The hypothetical monopolist test requires that a hypothetical profit-maximizing firm that was the
only present or future seller of the relevant product(s) to customers in the region would impose at
least a SSNIP on some customers in that region. A region forms a relevant geographic market if this
price increase would not be defeated by substitution away from the relevant product or by arbitrage,
For customers operating in multiple locations, only those customer locations within the targeted zone are included in
e.g., customers in the region travelling outside it to purchase the relevant product. In this exercise, the
terms of sale for products sold to all customers outside the region are held constant.
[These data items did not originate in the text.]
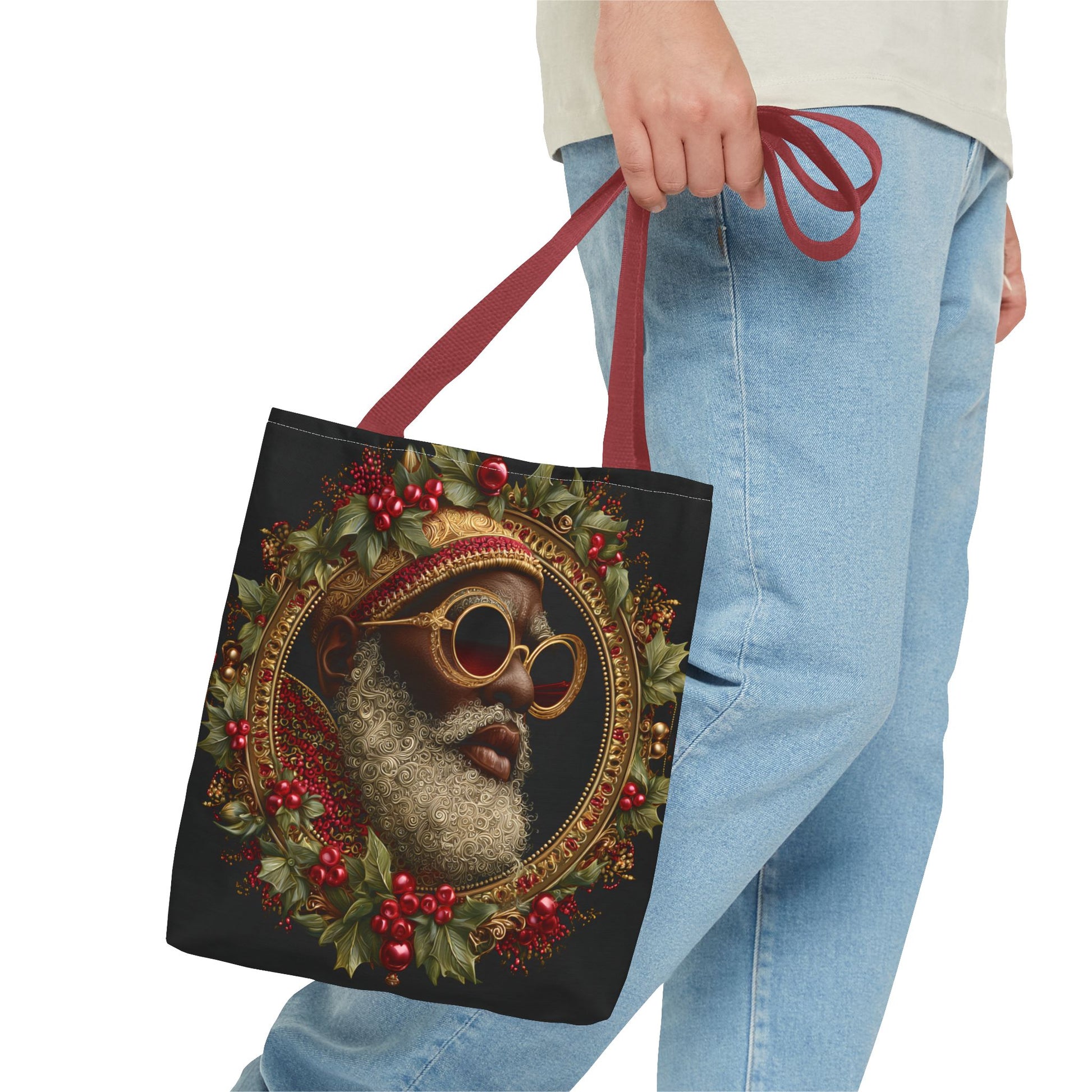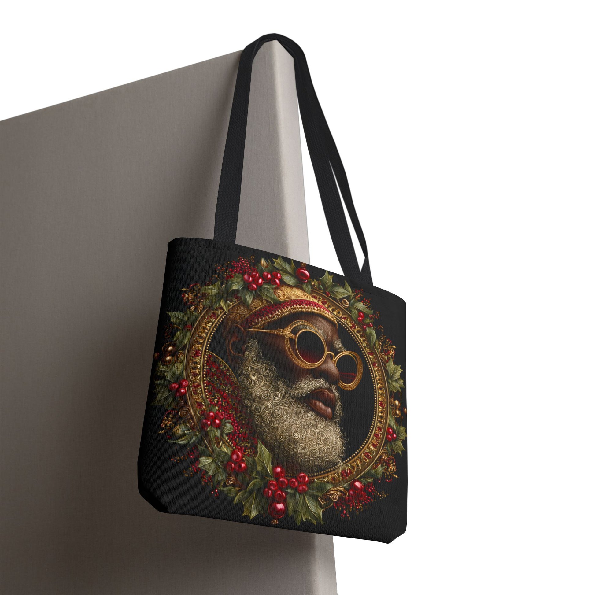 Afrocentric Holly Wreath Santa Tote – Luxe Holiday Tote Bag
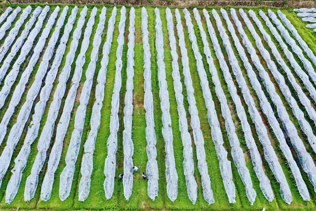 冬至时节,广西梧州岑溪市糯垌镇地麻村农民在给火龙果覆盖薄膜“穿衣”御寒保果保丰收。颜桂海摄
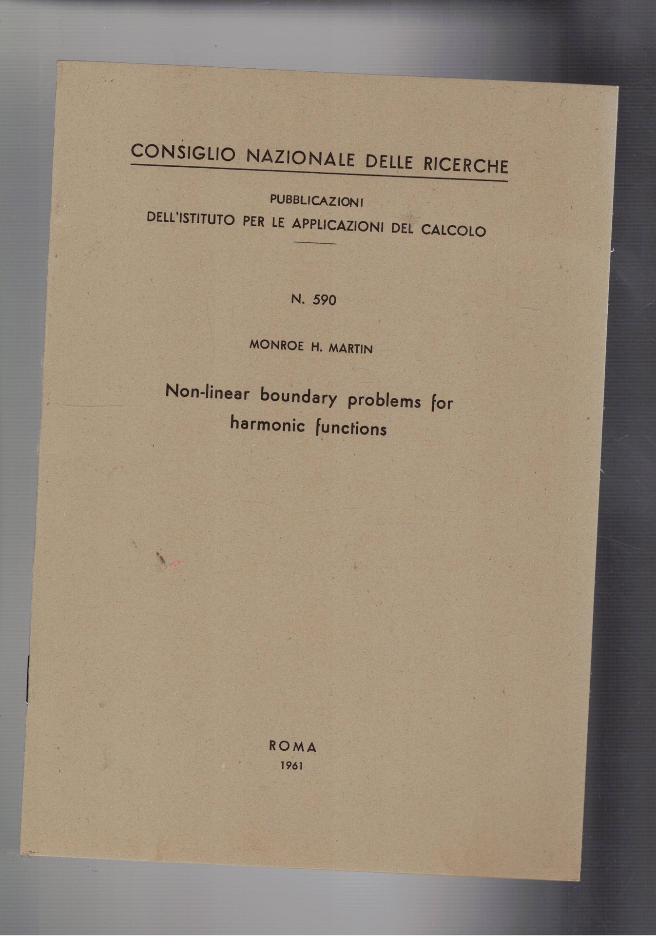 Non-linear boundhary problems for harmonic functions. Estratto.
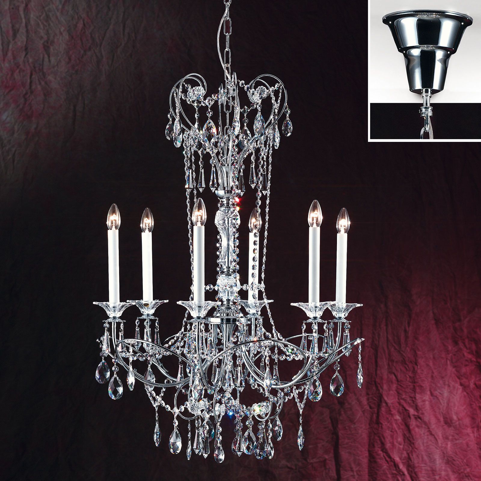 Der Leuchtenkorpus ist in Handarbeit aus Messing gefertigt und mit einem Finish in Chrom versehen. Er ist mit 6 E14-Fassungen versehen und kann mit maximal 40 Watt je Fassung ausgestattet werden. Windstoßlampen oder Kerzenlampen sind eine stilvolle Ergänzung und zudem wartungsarm, wenn sie als LED-Variante gewählt werden.
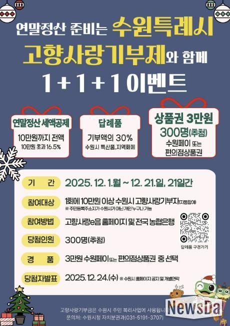 뉴스다 최광묵 기자 | 수원특례시가 고향사랑기부제 참여자 중 300명을 추첨해 상품권을 제공하는 연말 이벤트를 진행한다.
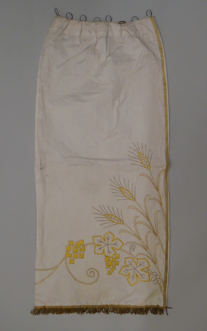 Wit gordijn met korenaren en druiventrossen in gouddraad en gele zijde

Example 13: Customers require local sales and support. Suppliers have sales and service operations in many
geographic areas and can discriminate based on customer location. The geographic market can be defined around
the locations of customers.
Example 14: Each merging firm has a single manufacturing plant and delivers the relevant product to customers
in City X and in City Y. The relevant product is expensive to transport. The merging firms’ plants are by far the
closest to City X, but no closer to City Y than are numerous rival plants. This fact pattern suggests that
customers in City X may be harmed by the merger even if customers in City Y are not. For that reason, the
Agencies consider a relevant geographic market defined around customers in City X. Such a market could be
defined even if the region around the merging firms’ plants would not be a relevant geographic market defined
based on the location of sellers because a hypothetical monopolist controlling all plants in that region would find
a SSNIP imposed on all of its customers unprofitable due to the loss of sales to customers in City Y.
When the geographic market is defined based on customer locations, sales made to those customers
are counted, regardless of the location of the supplier making those sales.
Example 15: Customers in the United States must use products approved by U.S. regulators. Foreign customers
use products not approved by U.S. regulators. The relevant product market consists of products approved by U.S.
regulators. The geographic market is defined around U.S. customers. Any sales made to U.S. customers by
foreign suppliers are included in the market, and those foreign suppliers are participants in the U.S. market even
though located outside it.
Market Participants, Market Shares, and Market Concentration
The Agencies normally consider measures of market shares and market concentration as part of their
evaluation of competitive effects. The Agencies evaluate market shares and concentration in
conjunction with other reasonably available and reliable evidence for the ultimate purpose of
determining whether a merger may substantially lessen competition.
Market shares can directly influence firms’ competitive incentives. For example, if a price reduction
to gain new customers would also apply to a firm’s existing customers, a firm with a large market
share may be more reluctant to implement a price reduction than one with a small share. Likewise, a
firm with a large market share may not feel pressure to reduce price even if a smaller rival does.
Market shares also can reflect firms’ capabilities. For example, a firm with a large market share may
be able to expand output rapidly by a larger absolute amount than can a small firm. Similarly, a large
market share tends to indicate low costs, an attractive product, or both.
All firms that currently earn revenues in the relevant market are considered market participants.
Vertically integrated firms are also included to the extent that their inclusion accurately reflects their
competitive significance. Firms not currently earning revenues in the relevant market, but that have
committed to entering the market in the near future, are also considered market participants.
Firms that are not current producers in a relevant market, but that would very likely provide rapid
supply responses with direct competitive impact in the event of a SSNIP, without incurring
significant sunk costs, are also considered market participants. These firms are termed “rapid
entrants.” Sunk costs are entry or exit costs that cannot be recovered outside the relevant market.
Entry that would take place more slowly in response to adverse competitive effects, or that requires
firms to incur significant sunk costs, is considered in Section 9.
Firms that produce the relevant product but do not sell it in the relevant geographic market may be
rapid entrants. Other things equal, such firms are most likely to be rapid entrants if they are close to
the geographic market.
Example 16: Farm A grows tomatoes halfway between Cities X and Y. Currently, it ships its tomatoes to City X
because prices there are two percent higher. Previously it has varied the destination of its shipments in response
to small price variations. Farm A would likely be a rapid entrant participant in a market for tomatoes in City Y.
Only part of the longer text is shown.